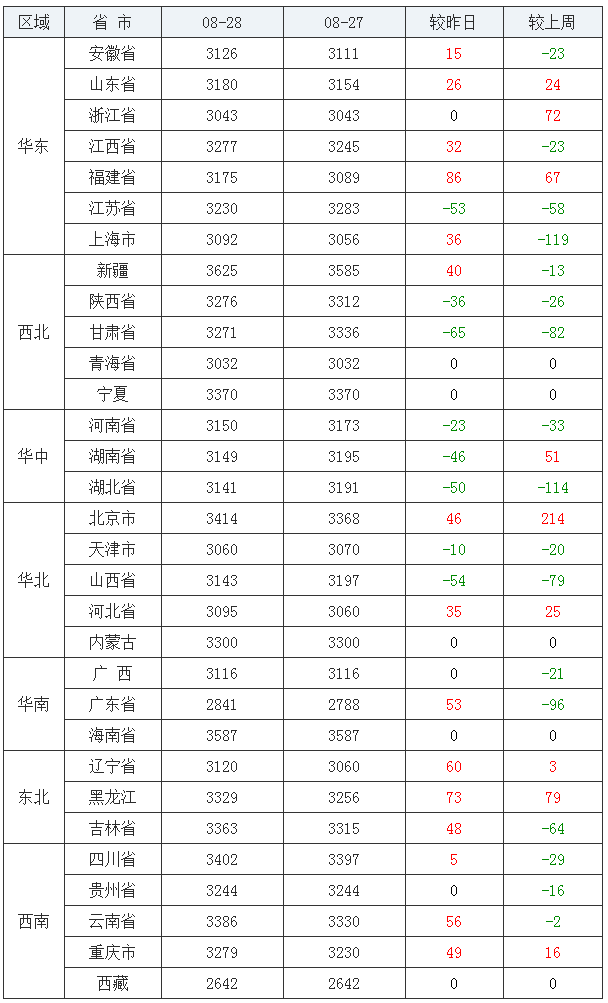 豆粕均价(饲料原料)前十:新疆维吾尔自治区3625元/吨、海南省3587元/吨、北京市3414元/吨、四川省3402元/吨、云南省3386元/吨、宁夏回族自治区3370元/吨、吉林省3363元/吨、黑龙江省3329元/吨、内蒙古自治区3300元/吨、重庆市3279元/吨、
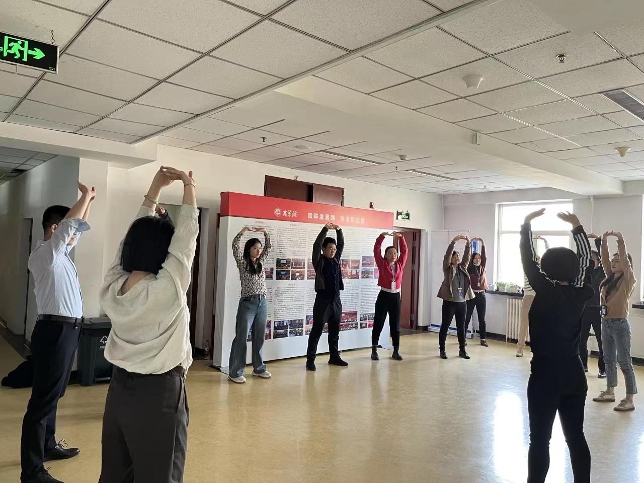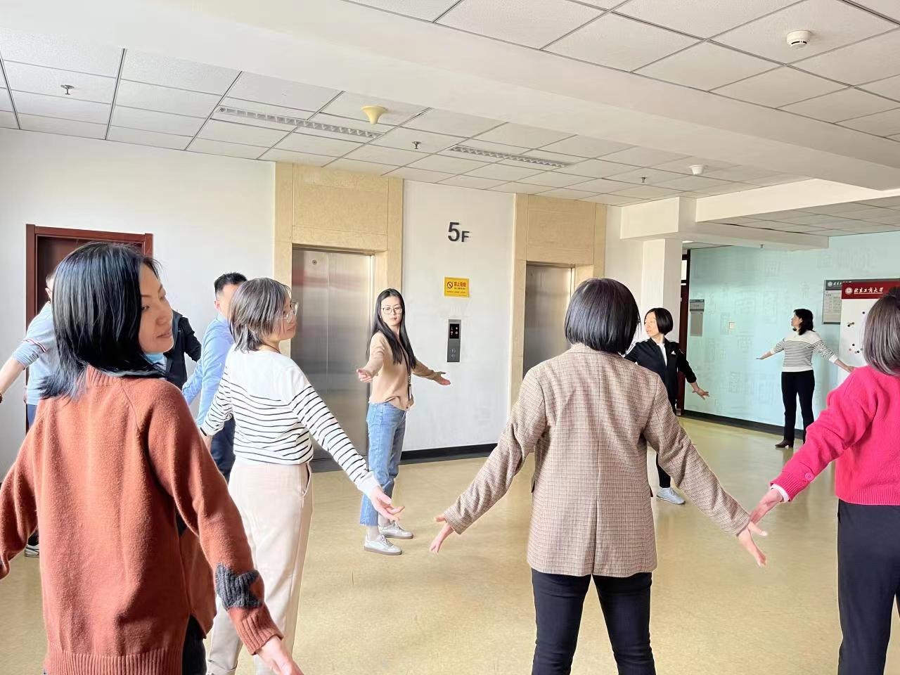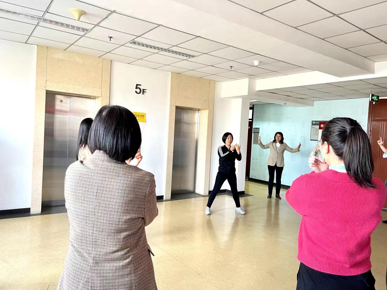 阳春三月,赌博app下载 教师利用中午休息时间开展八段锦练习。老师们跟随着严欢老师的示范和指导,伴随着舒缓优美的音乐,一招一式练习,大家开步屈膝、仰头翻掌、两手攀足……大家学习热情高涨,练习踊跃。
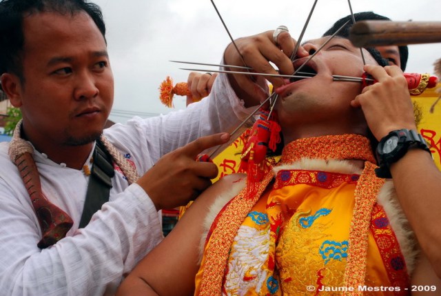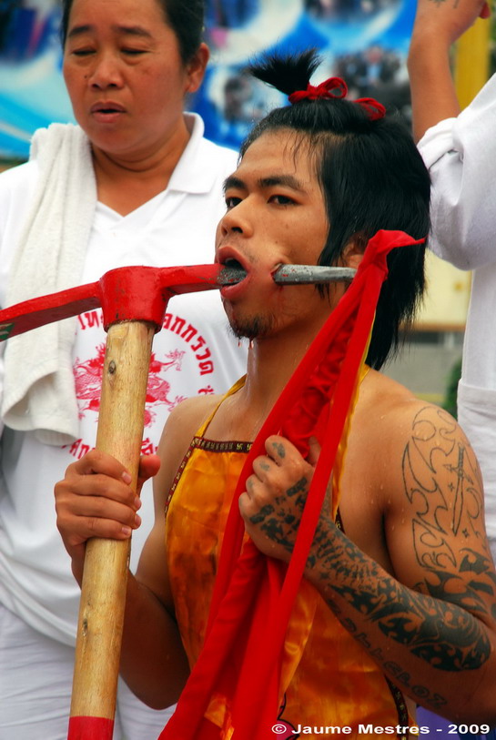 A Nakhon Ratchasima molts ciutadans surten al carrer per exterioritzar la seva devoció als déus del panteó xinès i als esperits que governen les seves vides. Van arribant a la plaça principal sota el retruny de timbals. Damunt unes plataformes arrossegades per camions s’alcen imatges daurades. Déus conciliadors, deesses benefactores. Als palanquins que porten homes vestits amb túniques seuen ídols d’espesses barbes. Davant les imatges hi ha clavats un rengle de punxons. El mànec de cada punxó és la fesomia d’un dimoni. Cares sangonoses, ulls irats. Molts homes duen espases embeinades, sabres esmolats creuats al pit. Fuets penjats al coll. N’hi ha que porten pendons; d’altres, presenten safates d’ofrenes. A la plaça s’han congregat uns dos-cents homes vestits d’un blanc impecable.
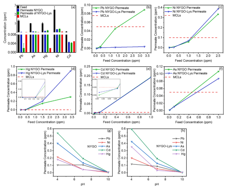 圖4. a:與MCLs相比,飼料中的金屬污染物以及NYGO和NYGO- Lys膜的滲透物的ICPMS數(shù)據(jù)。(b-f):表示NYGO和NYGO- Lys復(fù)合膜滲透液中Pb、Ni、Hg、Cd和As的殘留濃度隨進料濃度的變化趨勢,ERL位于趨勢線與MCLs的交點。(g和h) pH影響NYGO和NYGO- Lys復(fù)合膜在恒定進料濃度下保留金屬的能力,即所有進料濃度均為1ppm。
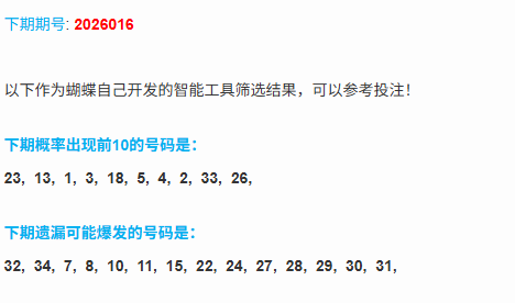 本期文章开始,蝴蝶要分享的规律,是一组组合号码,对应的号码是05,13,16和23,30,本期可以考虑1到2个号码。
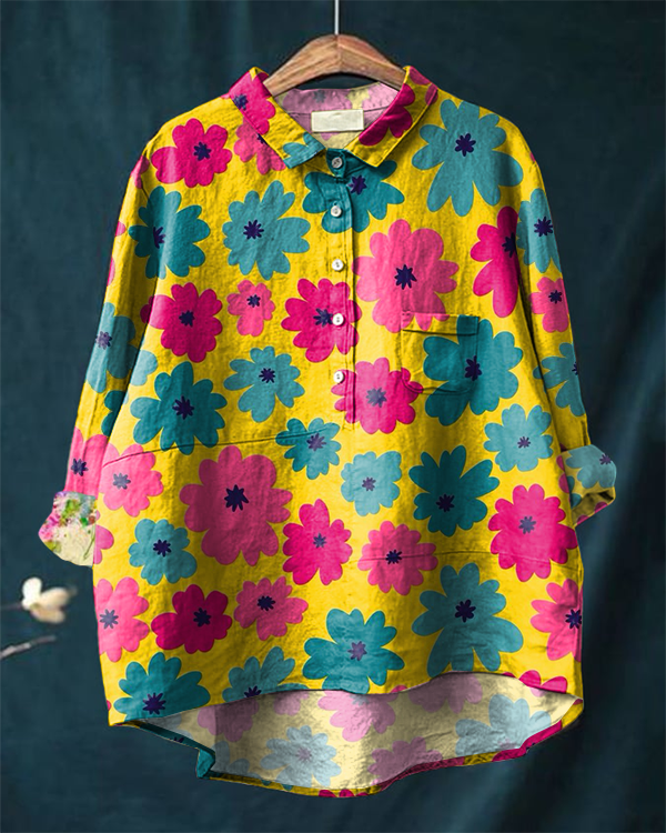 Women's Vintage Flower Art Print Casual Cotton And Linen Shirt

.....

Work to complete: If a record above contains a picture, leave the picture out and transcribe everything else exactly.

Solution below:
 豆粕均价(饲料原料)前十:新疆维吾尔自治区3625元/吨、海南省3587元/吨、北京市3414元/吨、四川省3402元/吨、云南省3386元/吨、宁夏回族自治区3370元/吨、吉林省3363元/吨、黑龙江省3329元/吨、内蒙古自治区3300元/吨、重庆市3279元/吨、
 阳春三月,赌博app下载 教师利用中午休息时间开展八段锦练习。老师们跟随着严欢老师的示范和指导,伴随着舒缓优美的音乐,一招一式练习,大家开步屈膝、仰头翻掌、两手攀足……大家学习热情高涨,练习踊跃。
 A Nakhon Ratchasima molts ciutadans surten al carrer per exterioritzar la seva devoció als déus del panteó xinès i als esperits que governen les seves vides. Van arribant a la plaça principal sota el retruny de timbals. Damunt unes plataformes arrossegades per camions s’alcen imatges daurades. Déus conciliadors, deesses benefactores. Als palanquins que porten homes vestits amb túniques seuen ídols d’espesses barbes. Davant les imatges hi ha clavats un rengle de punxons. El mànec de cada punxó és la fesomia d’un dimoni. Cares sangonoses, ulls irats. Molts homes duen espases embeinades, sabres esmolats creuats al pit. Fuets penjats al coll. N’hi ha que porten pendons; d’altres, presenten safates d’ofrenes. A la plaça s’han congregat uns dos-cents homes vestits d’un blanc impecable.
 圖4. a:與MCLs相比,飼料中的金屬污染物以及NYGO和NYGO- Lys膜的滲透物的ICPMS數(shù)據(jù)。(b-f):表示NYGO和NYGO- Lys復(fù)合膜滲透液中Pb、Ni、Hg、Cd和As的殘留濃度隨進料濃度的變化趨勢,ERL位于趨勢線與MCLs的交點。(g和h) pH影響NYGO和NYGO- Lys復(fù)合膜在恒定進料濃度下保留金屬的能力,即所有進料濃度均為1ppm。
 本期文章开始,蝴蝶要分享的规律,是一组组合号码,对应的号码是05,13,16和23,30,本期可以考虑1到2个号码。
 Women's Vintage Flower Art Print Casual Cotton And Linen Shirt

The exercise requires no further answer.